# cms!



## Ditsch (14. August 2002)

Hi!ich hatte noch nie kontakt zum cms und mein Hoster hat mir jetzt eins gegeben, könntent ihr mir vielleicht erklären wie ich da Artikel posten(keine news)und was ich machen muss damit das angezeigt wird und so?


----------



## BigJuri (14. August 2002)

Hallo!

Wäre gut wenn du genauere Infos geben könntest, zB. um welches CMS es sich handelt. (PostNuke, PHPNuke, Xoops, usw.)

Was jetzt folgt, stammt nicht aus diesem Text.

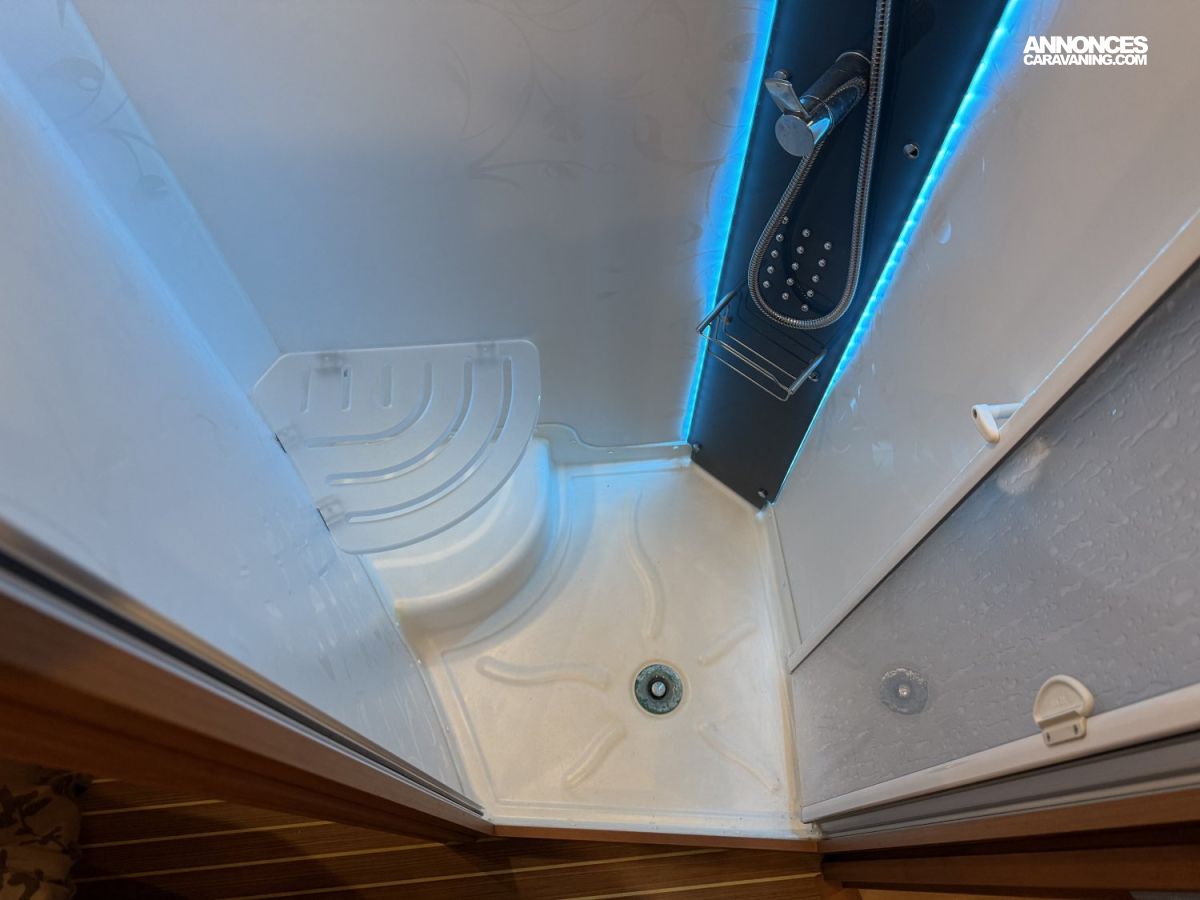 CHAUFFAGE CENTRAL ALDE, STORE EXTERIEUR 5M, CHAUFFAGE ROUTE, GAZINIERE 3 FEUX, FENETRE SDB, CUISINE EN L, DINETTE EN L, DOUCHETTE DANS SOUTE, DOUCHE ET WC SEPARES, ECLAIRAGE LED, HOTTE ASPIRANTE, MOUSTIQUAIRE DE PORTE CELLULE, REFRIGERATEUR TRI MIX, SECHE SERVIETTE, STORES PLISSES DE CABINE, TABLE TELESCOPIQUE, VOLET EXTERIEUR ISOTHERME, DOUBLE CLOISON DE SEPARATION, REFRIGERATEUR 177L

Aber grundsätzlich: Wenn du der Admin bist musst du nur ins Admin-Menü gehen, dort kannst du dann entweder neue Mitteilungen oder neue Artikel verfassen. Der Rest erklärt sich auf der Seite dann eigentlich von selbst. Sollte es aber noch Probleme geben werden wir das schon gemeinsam hinkriegen. 

MFG, BigJuri


----------



## Ditsch (14. August 2002)

Naja ichw erde gehostet und die haben das selber geproggt(glaube ich), heißen tuts site Admin Version 2.Naja wennn ich ein artikel poste, wie verlinke ich das auf der index so dass das dann includet wird.


----------



## Ditsch (14. August 2002)

Also mein problem ist wa sich nicht verstehe, ich habe jetzt dne rtikel verfasst, so jetzt brauch ich ja den Link, aber wo steht, ich weiß den Link nur soweit http://www.fmcorner.ice-bird.net/index2.php?content=    ab was kommt danach, der Artikel wurde unter der id 4 gespeichert.kannst du/ihr mir helfen?


----------